May 14, 2025 Emiliano Bellini
A group of researchers led by Sorbonne University in France has analyzed the performance of agrivoltaic systems across three different climates – dry, wet, and climatological – over the Iberian Peninsula and the Netherlands and has found that dry areas such as Spain offer more technical advantages compared to northern and central European regions characterized by abundant rainfall and lower solar radiation.
The scientists conducted a series of simulations of different agrivoltaic system configurations using the Organizing Carbon and Hydrology In Dynamic Ecosystems (ORCHIDEE) land surface model created by the Institut Pierre Simon Laplace. The model includes processes to quantify terrestrial water, carbon and energy balances and considers anthropogenic interferences such as land cover changes, fire, crop irrigation and forest/grassland management.
The analysis considered two different crop types and took into account values such as net primary production (NPP), water use efficiency (WUE), and PV power yield.
The two crop types were labeled C3 plants including wheat, rice, and soybeans, among others, and C4 plants comprising maize and sugarcane. The first type is common in areas with moderate temperatures and low light intensity, while the second type is more suitable for high temperatures and dry conditions.
“Our model requires atmospheric variables as inputs, each defined by a specific spatial resolution,” the academics explained, noting that the crop parametrization has intrinsic limitations, as the model uses generic field parameters. “the crop parametrization has intrinsic limitations.
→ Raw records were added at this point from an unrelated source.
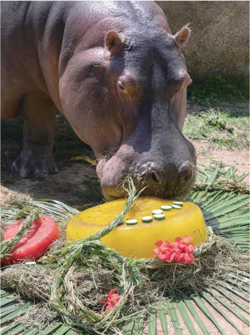
Happy hippo Tim, a hippopotamus at BioParque do Rio, eats a fruit and vegetable cake during the celebration of his 29 th birthday at the Quinta da Boa Vista zoo in Rio de Janeiro, Brazil, on Thursday.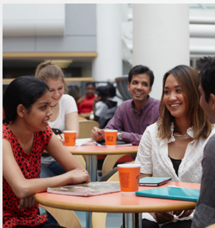
Most halls have a common room where students socialise.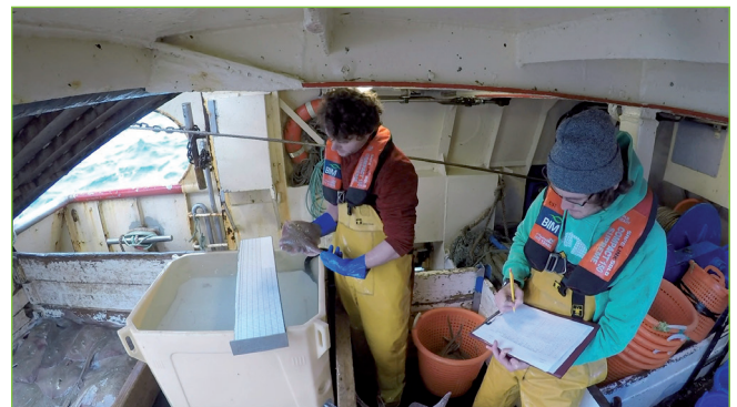
Figure 2. Vitality assessment on board the MFV Eblana

The trial was conducted east of Howth in the Irish Sea, ICES area 7, from the 10th to 12th January 2019 onboard a 22 m trawler, the MFV Eblana (D379) (Figure 1). The vessel targeted ray species using a single otter trawl with 16 " rubber discs on the ground gear, and 90 floats on the headline. Codend mesh size was 120 mm diamond in compliance with the discard plan (EU, 2018). All fishing operations took place as per normal fishing practices.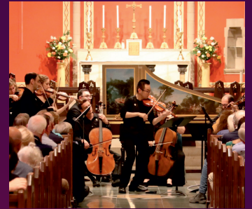
THE SEBASTIANS Bach Cantatas June 9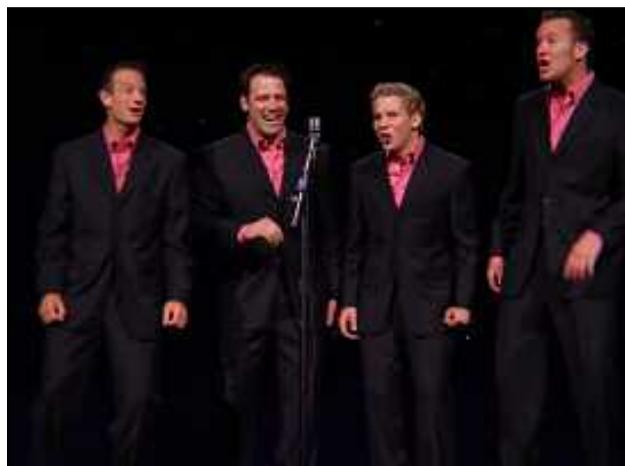
5 OC Times 87.2%

The FAR WESTERN DISTRICT includes Arizona, California, Hawaii, Nevada and Southern Utah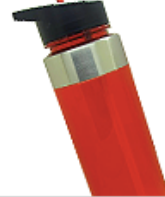
DRINKWARES / HOUSEHOLD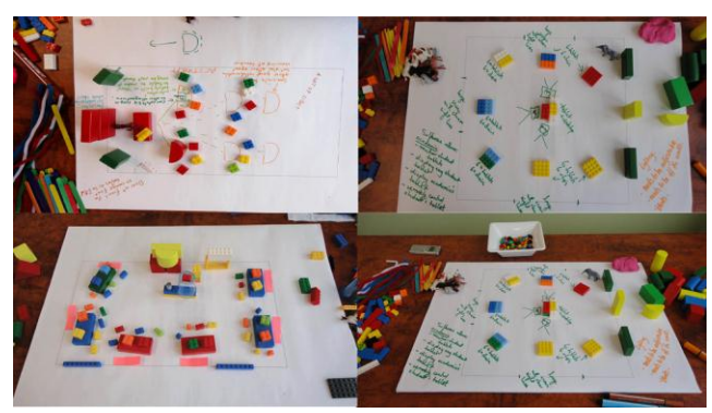
Figure 4. Examples of environments designed by focus group participants.

activity, despite the scheduling challenges involved. The feeling of time constraint may also explain why participants tended to use very basic forms of representation. Most groups used mostly blocks, marker pens, and pipe cleaners, making use of annotation to explain what was being represented (see Figure 4).

The model uses generic field parameters, which may not accurately capture the nuances of very local and specific sites.”
The analysis showed that, in Spain, the simulated agrivoltaic systems could achieve higher crop productivity, a more efficient phenological cycle and more efficient water and land use, with the shading produced by the solar panels creating a favorable microclimate for crops, especially during droughts or very dry years.
As for the agrivoltaic systems in the Netherlands, the analysis showed lower crop productivity, lower land equivalent ratio (LER) and lower WUE. “The primary benefit of AV systems in the Netherlands would lie in reducing competition for land use,” the scientists stressed. “In fact, producing renewable energy without displacing agricultural land is a crucial benefit in a densely populated and agriculturally intensive region like the Netherlands.”
“The trade-offs between energy production and agricultural productivity suggest that a uniform approach may not be suitable for AV deployment,” the research team affirmed. “Instead, region-specific strategies are essential to maximize the benefits of AV systems and address the unique challenges of each area.”
The new model is described in the study “Simulating generic agrivoltaic systems with ORCHIDEE: Model development and multi-case study insights,” which was recently published in Agricultural and Forest Meteorology.